First read our introduction to meta analysis with instructions for calculating effect sizes. Now, we consider the statistical models to estimate mean effect sizes and the influence of moderator variables.

There are two main models of meta-analysis: 1) the fixed-effect model and 2) the random-effect model (actually we say 3 types, but the third one is the extension of the second model). Because fixed effects mean something different in another context, this naming is a bit confusing. So people now call the first model ‘common-effect’ model. You can see a visual representation of these two models (from Figure 4 in Nakagawa *et al.* 2017).

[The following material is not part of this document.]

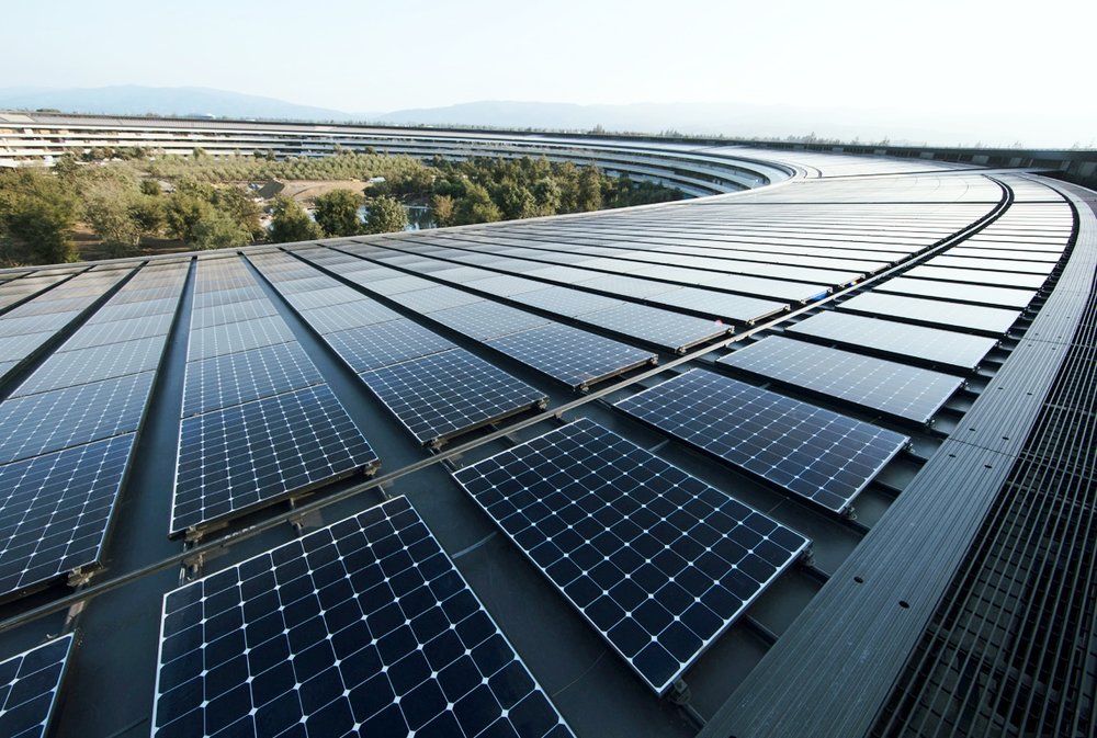 Apple’s new headquarters in Cupertino is powered by 100 percent renewable energy, in part from a 17-megawatt onsite rooftop solar installation.

A math representation for the common-effect model is:

\[\begin{equation} y_i=b_0+e_i, \\ e_i\sim \mathcal{N}(0,v_i),\ \end{equation}\]

where \(y_i\) is the \(i\)th effect size (from \(i\)th study), \(b_0\) is the overall mean (or meta-analytic mean), \(e_i\) is a deviation from the overall mean and it is normally distributed with \(v_i\), which is the study specific sampling variance (you can get this from formulas above). Note that weights for this model are \(1/v_i\). As you can see, this is a very simple model; basically, we are estimating the mean considering weights.

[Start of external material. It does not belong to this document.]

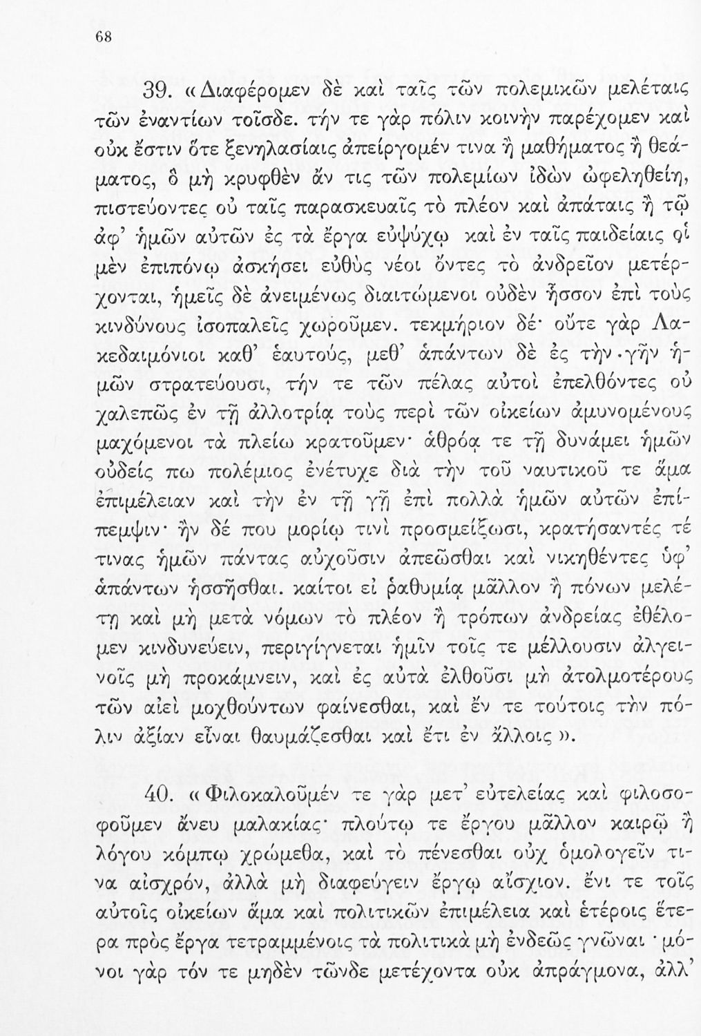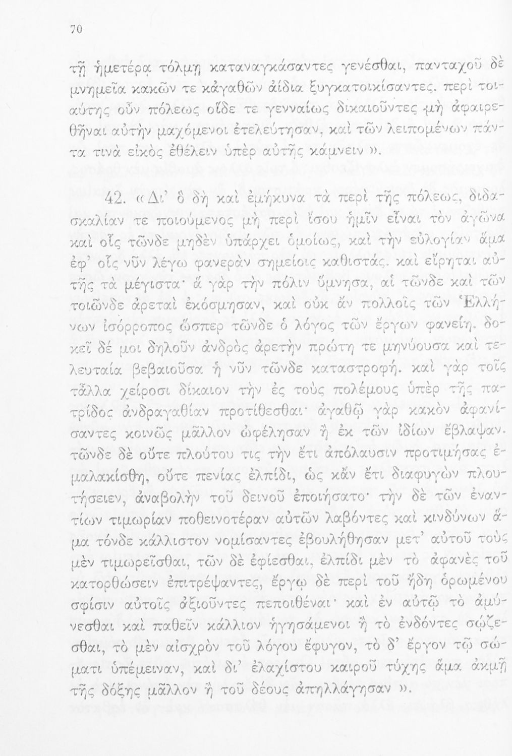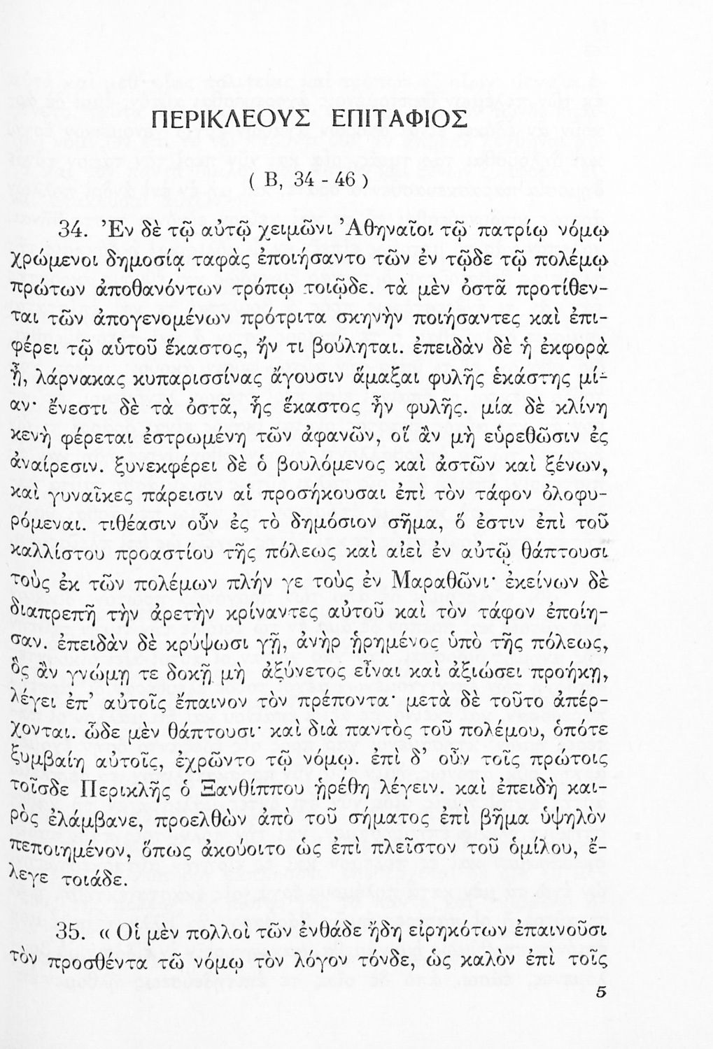 Σχολικό εγχειρίδιο Αρχαίων Ελληνικών Δ΄, Ε΄ και ΣΤ΄ Γυμνασίου που περιέχει εισαγωγή στη ζωή και το έργο του Θουκυδίδη, αποσπάσματα από τα Πλαταιϊκά, τα Λεσβιακά και τον Επιτάφιο του Περικλή και ερμηνευτικές σημειώσεις. Φέρει το σύμβολο της δικτατορίας.

Importantly, this model is assuming that there is a common mean for all studies included. Is this realistic? Probably not, especially, if you are combining different species!

The random-effects model can be written as:

\[\begin{equation} y_i=b_0+s_i+e_i, \\ s_i\sim \mathcal{N}(0,\tau^2),\ \\ e_i\sim \mathcal{N}(0,v_i),\ \end{equation}\]

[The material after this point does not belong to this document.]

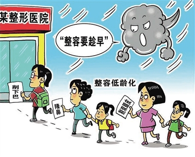 最近几年的整容趋势越来越低龄化,一到假期,整形外科排满了稚气的学生,其中包括不少即将大学毕业的学生,还有高考结束的考生。尤其是,爸妈带孩子去整容,成为目前的一个流行趋势。

where \(s_i\) is a study-specific deviation from the overall mean for \(i\)th study, it is normally distributed with the between-study variance, often referred to as \(\tau^2\), and the others are the same as above. Unlike the common-effect model, a random-effect model assumes that different studies have different means. Note that weights for this model are \(1/(\tau^2+v_i)\). We revisit this point, as it turns out to be quite important.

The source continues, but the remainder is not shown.